Earnings distributions

Distributions of earnings they will be subject to ordinary income tax unless they are qualified distributions. For a distribution to be a qualified distribution:

  • It must be for a “qualification reason” (mentioned above), i
  • Distribution must not occur before five years from January 1 of the year you first established and contributed to a Roth IRA. (For example, if you first opened and contributed to a Roth IRA on May 18, 2019, this five-year rule would be met as of January 1, 2024).

And profit distributions will be subject to a 10% penalty unless:

  • Distribution is made for a “qualification reason” (mentioned above), or
  • Know one of the “other exceptions” to the 10% penalty (also shown in the list above).

The following flow chart summarizes the tax treatments of the profit distributions of a Roth IRA:

All of Roth’s IRAs look like one

By applying the above rules, the IRS sees all of your Roth IRAs together as a great Roth IRA. For example, distributions of a Roth IRA will not be counted as profit distributions until you have withdrawn an amount greater than total of all your contributions to all your Roth IRAs.
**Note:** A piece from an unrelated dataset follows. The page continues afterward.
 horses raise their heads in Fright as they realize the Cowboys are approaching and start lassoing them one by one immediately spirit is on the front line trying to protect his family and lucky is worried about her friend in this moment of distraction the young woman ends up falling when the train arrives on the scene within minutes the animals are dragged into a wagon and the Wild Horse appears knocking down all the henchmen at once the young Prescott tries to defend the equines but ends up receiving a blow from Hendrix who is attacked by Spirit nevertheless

Example: In 2018, you contributed $ 2,000 to Roth. In 2019, you opened a Roth IRA with another brokerage firm and contributed $ 3,000. By 2021, each Roth has grown to $ 5,000. You can withdraw $ 5,000 from either Roth IRA (but not both) without having to pay taxes or fines because total the contributions were $ 5,000 and because the IRS considers them to be a Roth IRA for this purpose.
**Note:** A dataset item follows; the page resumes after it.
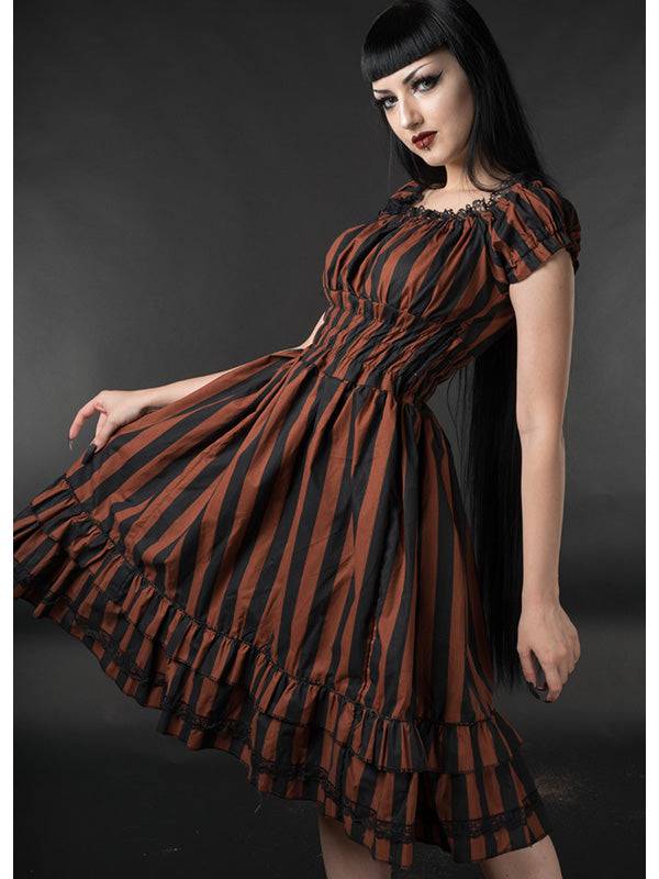 Adjustable Brown Striped Summer Dress – Perfect For Any Occasion, 100% Cotton Comfort - S - Op voorraad ist auf Lager und wird versandt, sobald es wieder verfügbar ist

What if you inserted a Roth 401 (k) or 403 (b) into your Roth IRA?

If you entered assets from a designated Roth account into a business plan (that is, what we would normally call Roth 401 (k) or Roth 403 (b)) in your Roth IRA, these transfer amounts are separated into contributions and gains – and then grouped into the appropriate category along with the regular contributions and gains of Roth IRA.

It should be noted: at least in theory, this information should be passed on from the business plan administrator to the Roth IRA administrator. But it’s best to keep your own records so you can demonstrate the part of the change that is attributed to contributions.

Example: Over the course of a few years, you will contribute $ 50,000 to your Roth 401 (k). After leaving this employer, enter the entire Roth 401 (k), which is worth $ 80,000 at the time of the change, into your Roth IRA. In order to enforce the distribution rules discussed above, the $ 50,000 is treated as if it were regular Roth IRA contributions (i.e., you can withdraw from the Roth IRA tax-free and penalty-free at any time). ). And the additional $ 30,000 will be treated the same as any other Roth IRA benefit (i.e., it will be treated according to the rules shown in the flow chart above).